# Task details:
The output should contain the listing word for word and no pictures.

# Material provided:
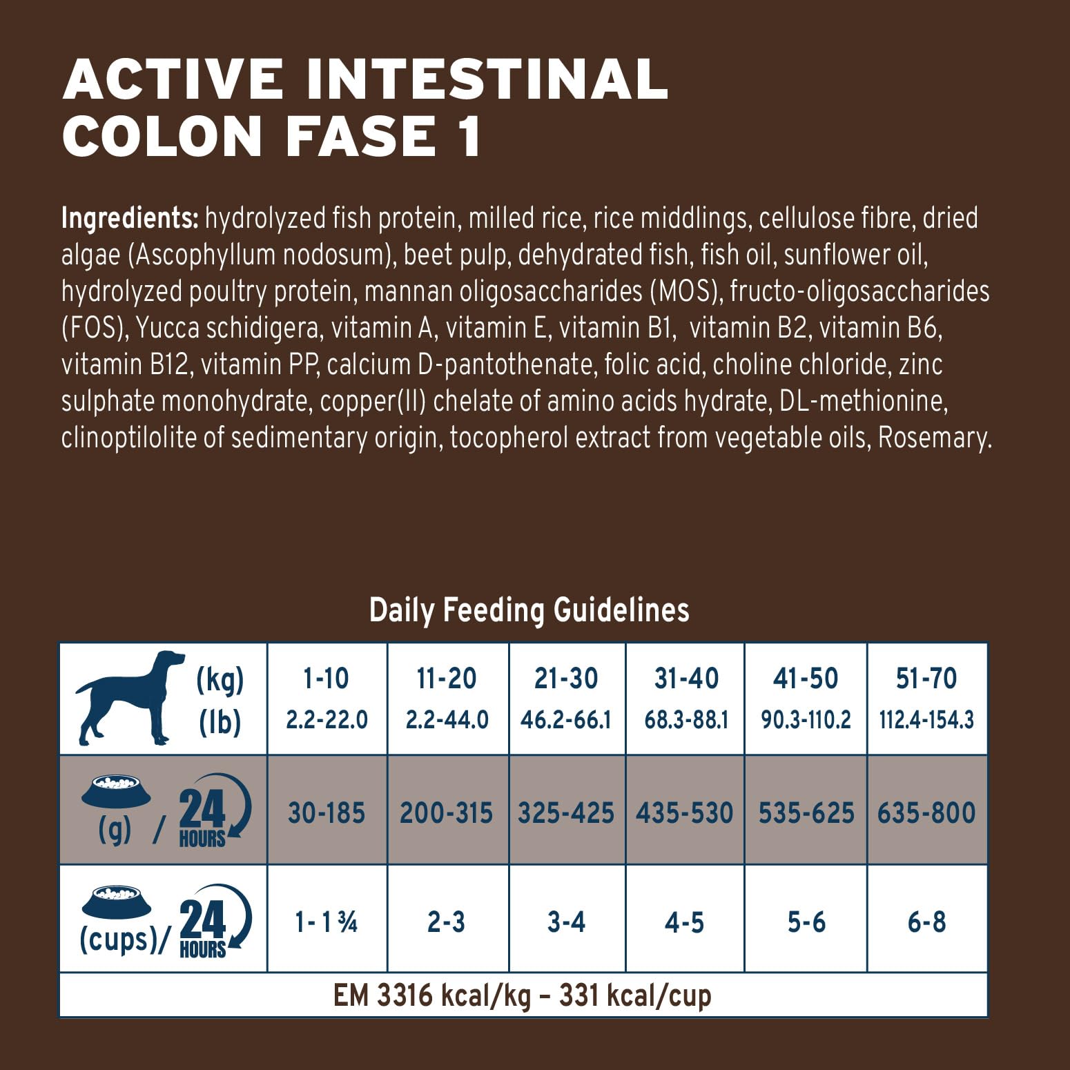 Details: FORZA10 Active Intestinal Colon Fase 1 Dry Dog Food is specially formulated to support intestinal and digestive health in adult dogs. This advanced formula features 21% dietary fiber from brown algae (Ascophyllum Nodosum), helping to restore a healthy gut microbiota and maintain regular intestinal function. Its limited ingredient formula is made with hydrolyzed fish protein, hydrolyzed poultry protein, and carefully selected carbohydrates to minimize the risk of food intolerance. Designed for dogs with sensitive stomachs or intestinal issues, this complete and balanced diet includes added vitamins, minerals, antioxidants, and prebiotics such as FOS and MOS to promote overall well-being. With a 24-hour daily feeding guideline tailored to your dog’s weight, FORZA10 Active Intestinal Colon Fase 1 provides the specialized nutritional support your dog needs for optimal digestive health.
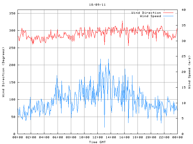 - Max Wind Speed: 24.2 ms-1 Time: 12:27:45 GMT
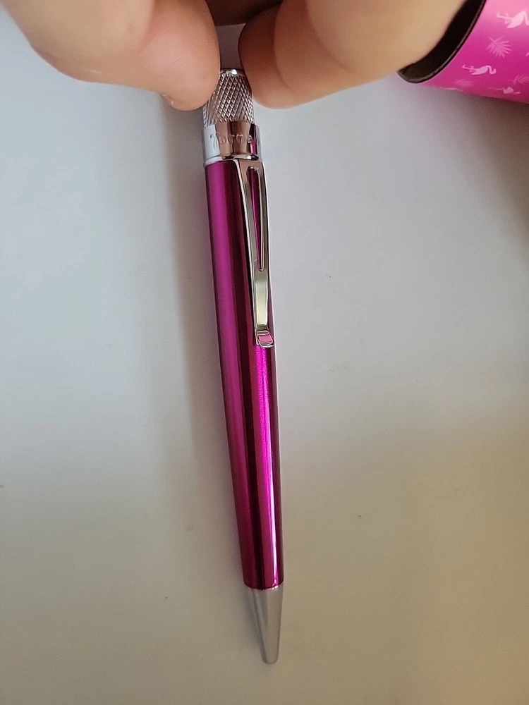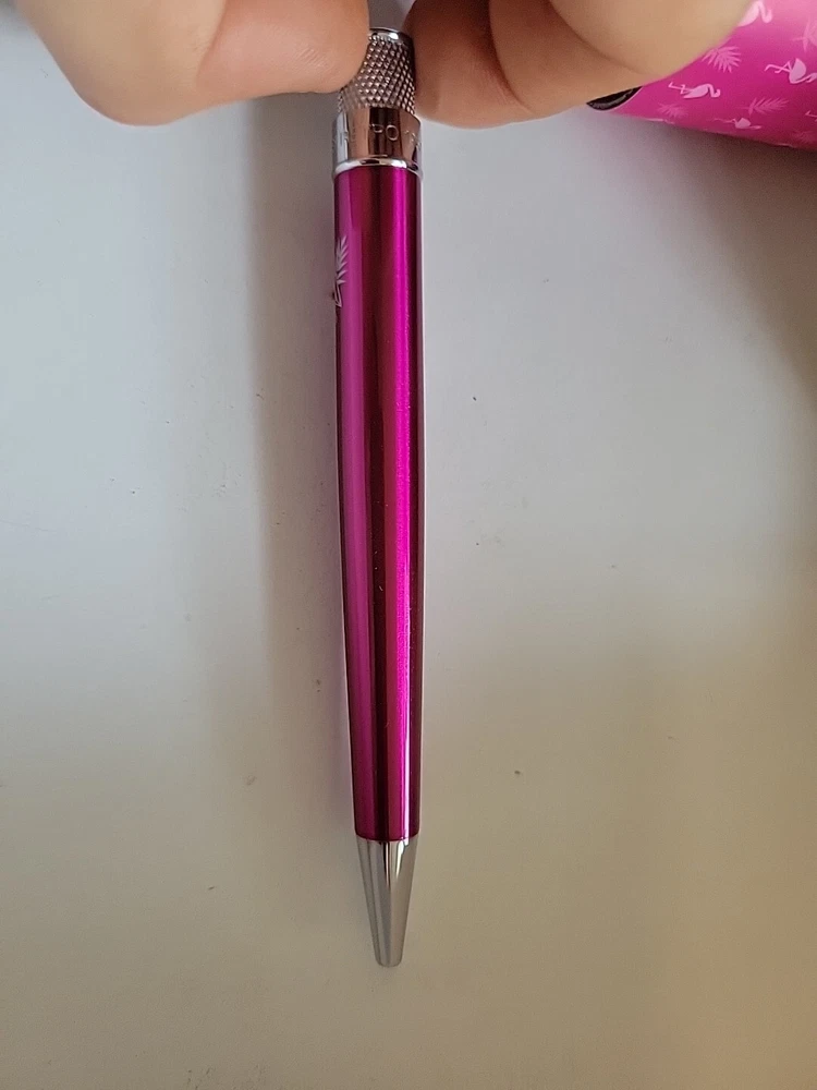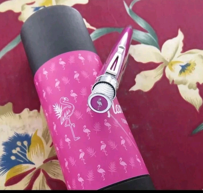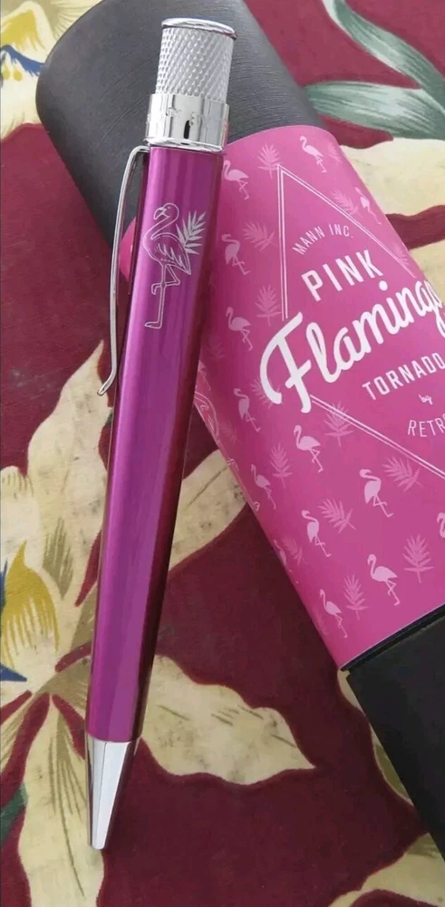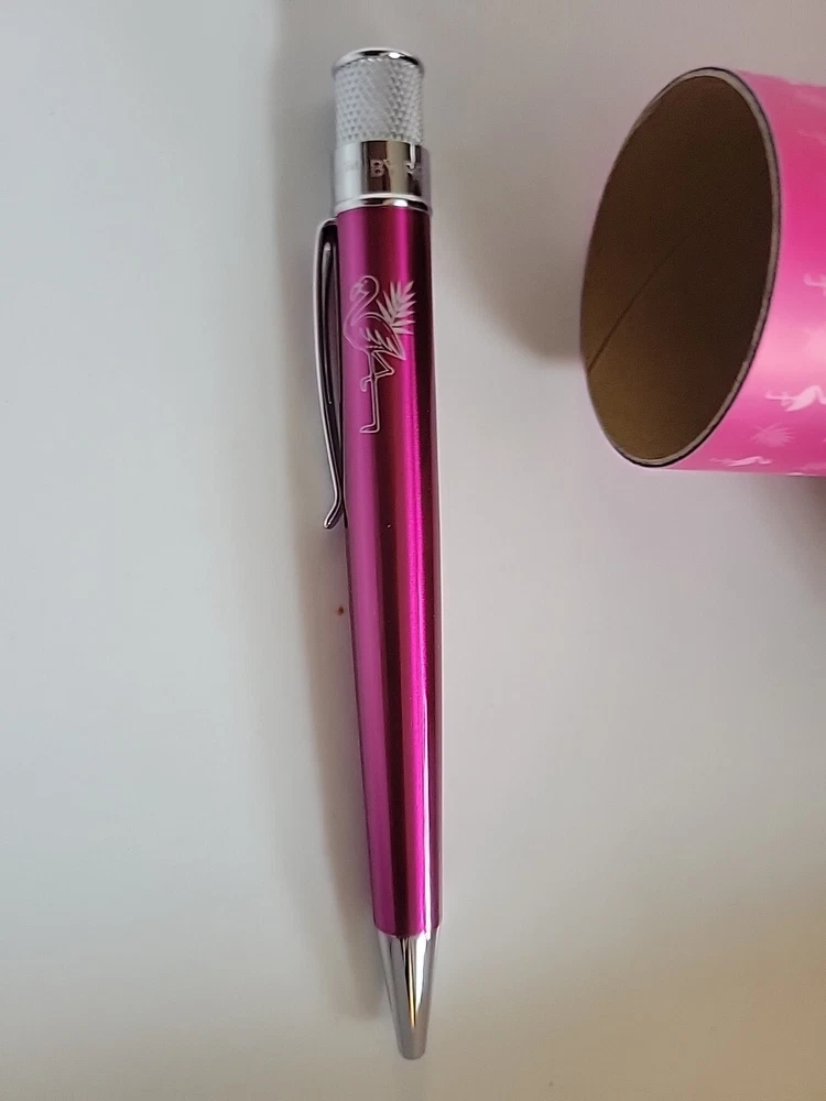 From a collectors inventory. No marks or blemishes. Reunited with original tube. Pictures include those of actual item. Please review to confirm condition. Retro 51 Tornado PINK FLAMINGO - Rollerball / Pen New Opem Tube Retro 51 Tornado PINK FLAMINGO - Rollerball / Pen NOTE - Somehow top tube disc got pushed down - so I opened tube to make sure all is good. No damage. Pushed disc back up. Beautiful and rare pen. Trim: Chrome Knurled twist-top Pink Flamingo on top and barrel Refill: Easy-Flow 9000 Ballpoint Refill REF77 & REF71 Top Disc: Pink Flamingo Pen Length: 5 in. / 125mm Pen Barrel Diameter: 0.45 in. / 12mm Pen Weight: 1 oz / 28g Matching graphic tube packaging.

# Answer box:
 Details: FORZA10 Active Intestinal Colon Fase 1 Dry Dog Food is specially formulated to support intestinal and digestive health in adult dogs. This advanced formula features 21% dietary fiber from brown algae (Ascophyllum Nodosum), helping to restore a healthy gut microbiota and maintain regular intestinal function. Its limited ingredient formula is made with hydrolyzed fish protein, hydrolyzed poultry protein, and carefully selected carbohydrates to minimize the risk of food intolerance. Designed for dogs with sensitive stomachs or intestinal issues, this complete and balanced diet includes added vitamins, minerals, antioxidants, and prebiotics such as FOS and MOS to promote overall well-being. With a 24-hour daily feeding guideline tailored to your dog’s weight, FORZA10 Active Intestinal Colon Fase 1 provides the specialized nutritional support your dog needs for optimal digestive health.
 - Max Wind Speed: 24.2 ms-1 Time: 12:27:45 GMT
 From a collectors inventory. No marks or blemishes. Reunited with original tube. Pictures include those of actual item. Please review to confirm condition. Retro 51 Tornado PINK FLAMINGO - Rollerball / Pen New Opem Tube Retro 51 Tornado PINK FLAMINGO - Rollerball / Pen NOTE - Somehow top tube disc got pushed down - so I opened tube to make sure all is good. No damage. Pushed disc back up. Beautiful and rare pen. Trim: Chrome Knurled twist-top Pink Flamingo on top and barrel Refill: Easy-Flow 9000 Ballpoint Refill REF77 & REF71 Top Disc: Pink Flamingo Pen Length: 5 in. / 125mm Pen Barrel Diameter: 0.45 in. / 12mm Pen Weight: 1 oz / 28g Matching graphic tube packaging.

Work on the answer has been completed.